Measuring the resistance of a short length of conducting
filament extruded from a standard hot end. The 1.75mm filament
used as input was made by rolling and can also be seen.
We have been experimenting with putting conducting particles in printing plastic, inspired by this paper:
They used carbon as a filler, which works nicely, but gives rather high resistances. So we tried silver instead (expensive...) to get the resistance down. This didn't work very well because of the shape of the silver particles.

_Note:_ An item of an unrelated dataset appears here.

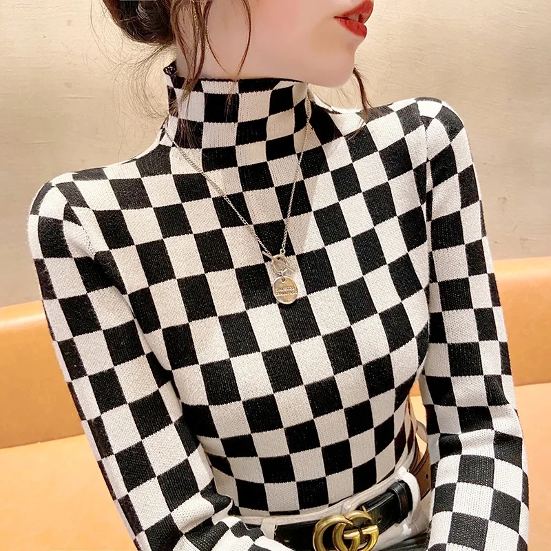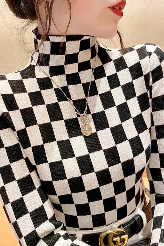 Black & White Checkered Turtleneck Long Sleeve Shirt

The silver particles are flakes, and the carbon particles are fluffy and dendritic. We hypothesised that the shape of the carbon allows lots of particles to touch each other (or at least to conduct between them synapse-like by quantum tunneling), but gives the high resistance. So a mixture of the carbon to get the geometry of the particles right and silver to introduce short circuits between the carbon projections might work even better.

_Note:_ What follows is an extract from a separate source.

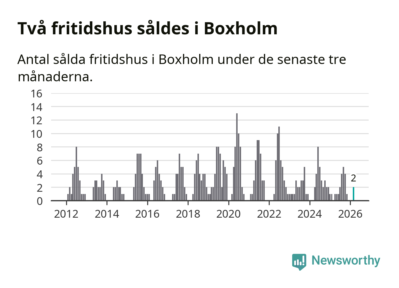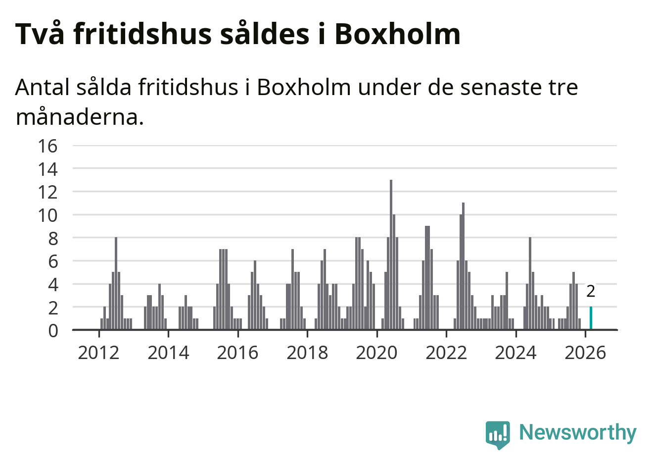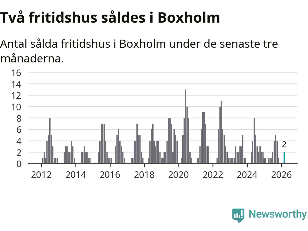 Mellan januari och mars gjordes sammanlagt två affärer med fritidshus i Boxholms kommun.

There was also a problem with the silver when it came to contact resistance at the surface. It may be that the spiky carbon tends to stick out of the surface, whereas the flatter silver ends up with a plastic film over it.

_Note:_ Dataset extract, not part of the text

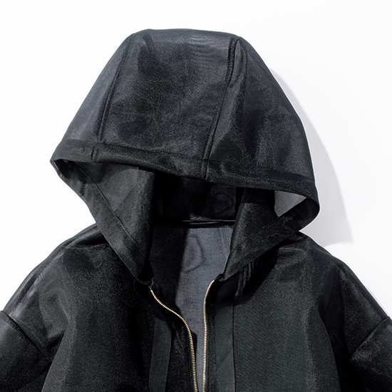 裏毛のフーディと違い透け感のあるダンボール素材は何より軽い。

It seemed like mixing different conducting fillers may be the way to go. So we have tried experiments with a mixture of both silver and carbon, which seem to work better in combination than either on their own.
Full details can be downloaded from the RepRapPro Github repository here.
Finally, another possibility is mixing a magnetic powder into the filament, for which we don't care whether the particles touch or not, of course...